Closed massugur closed 8 months ago
I'm not familiar with databricks, but if it's just a mount point I'm surprised. Was there an error message or was it silent? Is it reproducible with smaller objects?
There was no error message, just silent. Yes, it applied to all objects.
Thanks, I'd like to understand more. What's the easiest way to set up a databricks system?
I believe you can try Databricks Community Edition. (https://databricks.com/product/faq/community-edition)
I signed up for the community edition, but I'm not able to repro the issue (see below). Any ideas?
Since you're working with very large data, it could be an issue if you run out of memory or file space. But since you said it happens on small objects too, I am not sure.
Thanks for exploring this! I have tried the exactly same commands. And I still had the same problem. There was no error message for qsave(), it was silent. Is there anything else I can try to identify the problem? Thanks!
I'm not sure what the issue is, going to need more info.
Did you test this on the community edition, what's the difference between your set up and the community edition?
Could you post sessionInfo()
and can you test out installing the latest update? devtools::install_github("traversc/qs")
Thanks for looking into this!
I tested on the community edition.

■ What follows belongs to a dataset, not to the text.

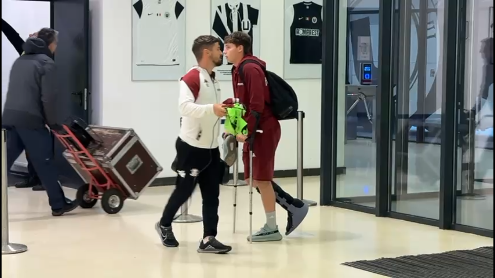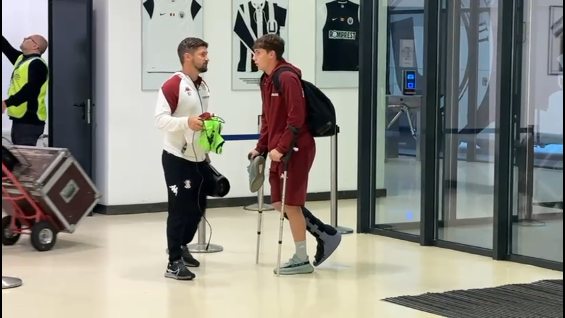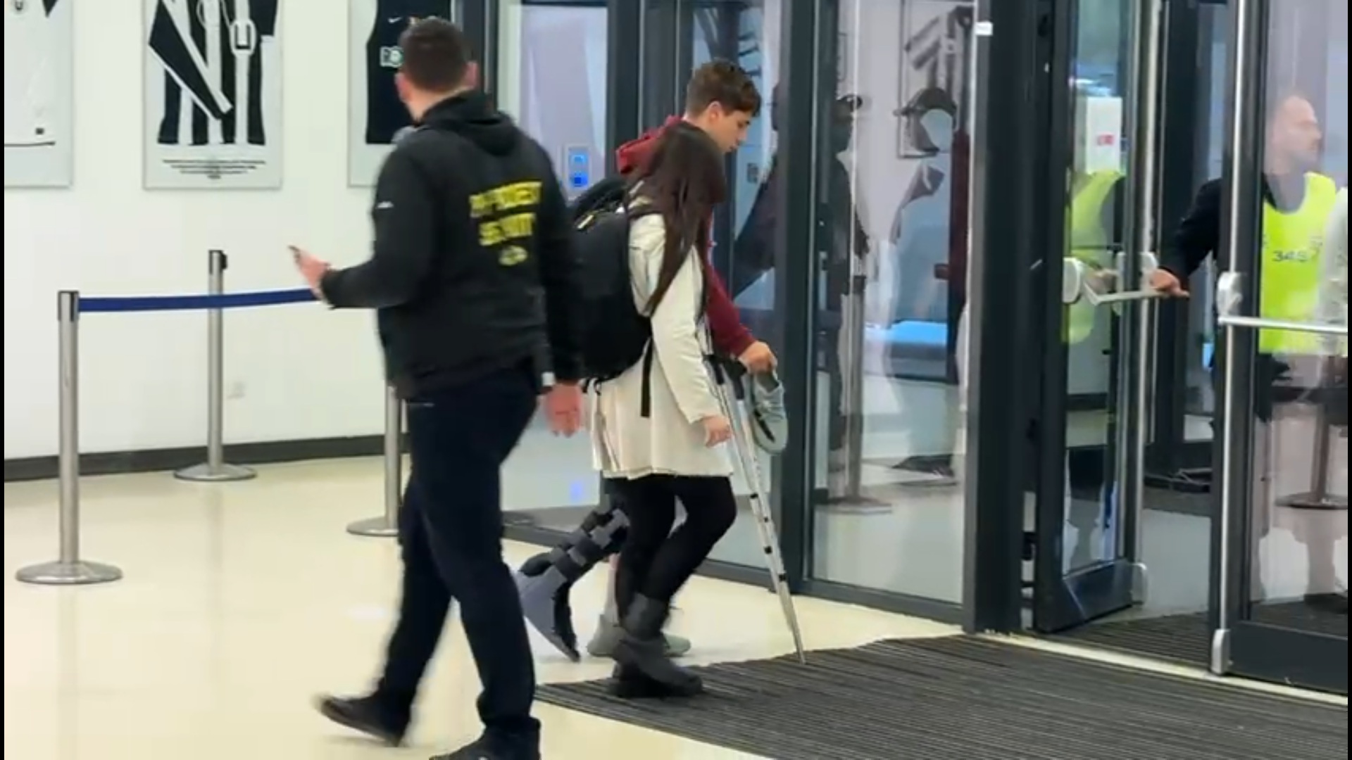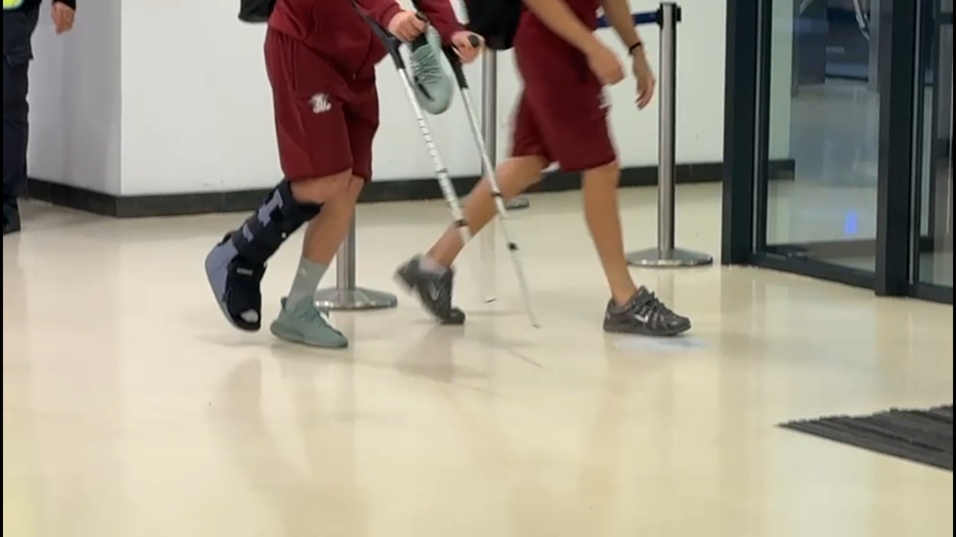 După meci, jucătorul de 19 ani a fost surprins cu o cizmă de imobilizare montată la glezna piciorului drept, în timp ce se deplasa cu ajutorul cârjelorr.

It perfectly worked, just like what you showed. This time I also tried fst::write_fst()
. fst::write.fst()
worked on the community edition, but not in my set up (paid version).
In summary,
saveRDS(mtcars, "/dbfs/temp.rds")
worked on both community edition and my set up. Many others also worked on my set up writting to DBFS, such as data.table::fwrite()
and arrow::write_arrow()
. qsave(mtcars, "/dbfs/temp.qs")
worked only on community edition. On my set up, qsave(mtcars, "/dbfs/temp.qs")

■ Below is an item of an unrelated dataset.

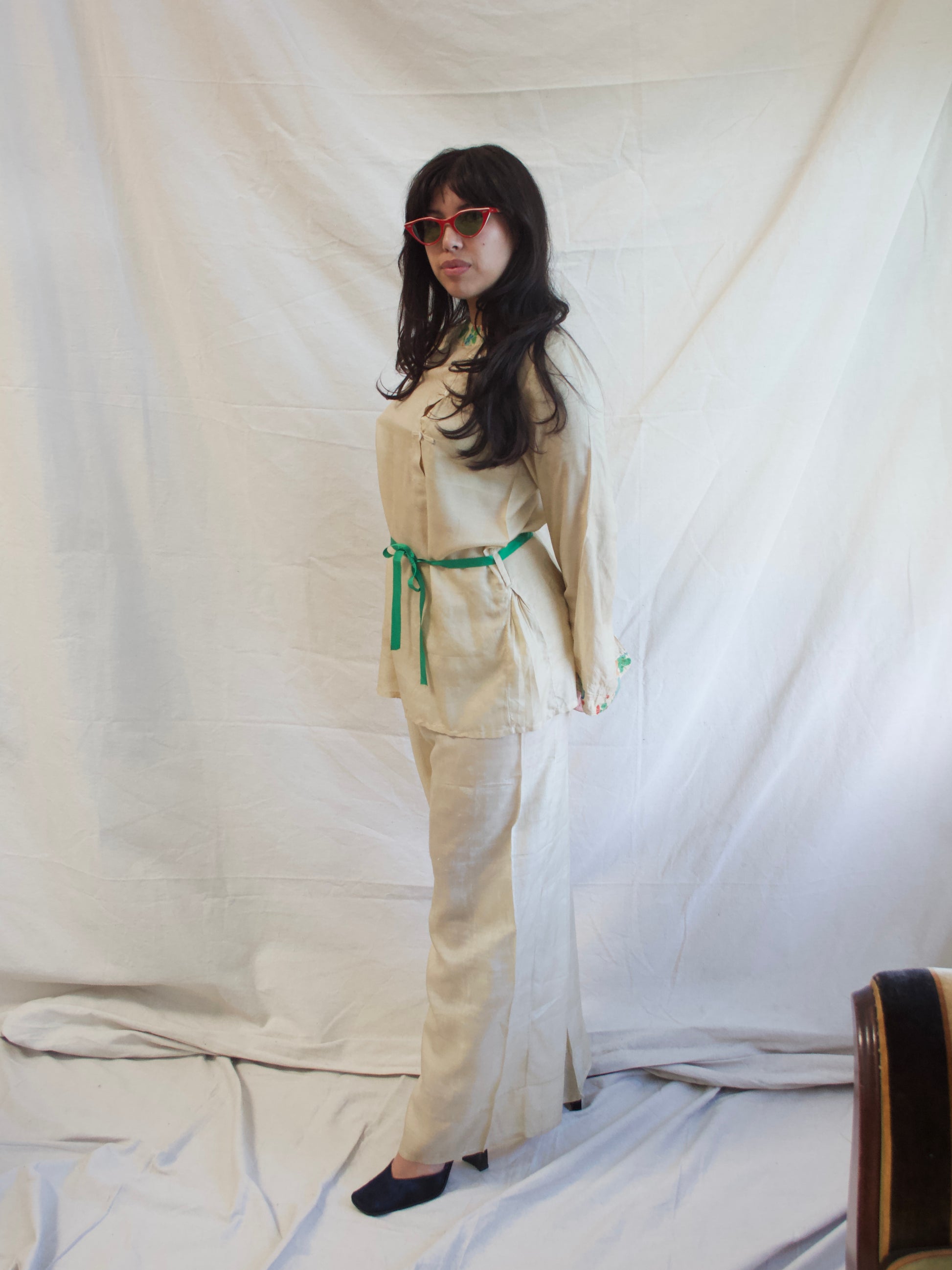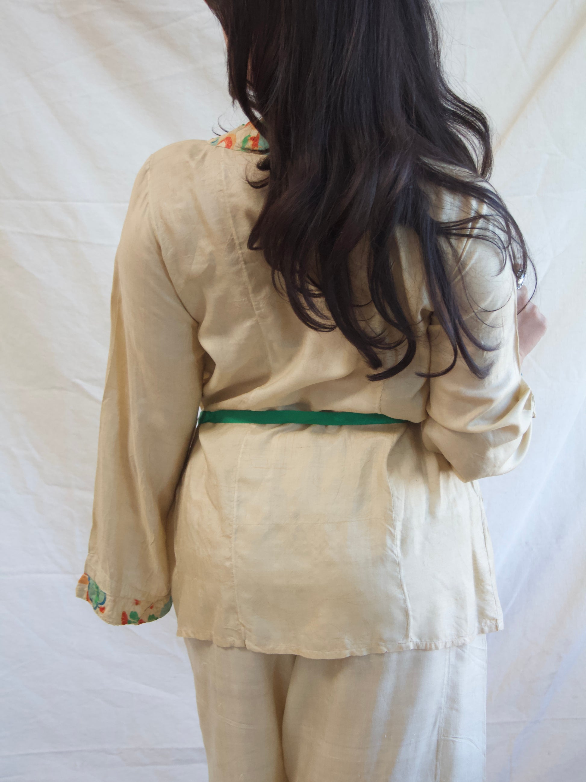 Antique 1920s Faded Print Pongee Silk 2 PC Loungewear Pant Set

didn't work (no file saved), but no error message was shown. qsave(mtcars, "temp.qs")
worked on my set up, with the file saved on local driver node. qread("/dbfs/temp.qs")
worked after I manually copied the file from local driver node to DBFS. write_fst(mtcars, "/dbfs/temp.fst")
worked only on community edition. write_fst(mtcars, "temp.fst")
worked on my set up, with the file saved on local driver node. read_fst("temp.fst")
worked. However, read_fst("/dbfs/temp.fst")
didn't work even after I manually moved the file from local driver node to DBFS. Please find the error message below.
I noticed this line in DBFS documentation (https://docs.databricks.com/data/databricks-file-system.html):
Does not support random writes. For workloads that require random writes, perform the I/O on local disk first and then copy the result to /dbfs.
Do you think it could be something relevant? Or I can definitely try to provide more details.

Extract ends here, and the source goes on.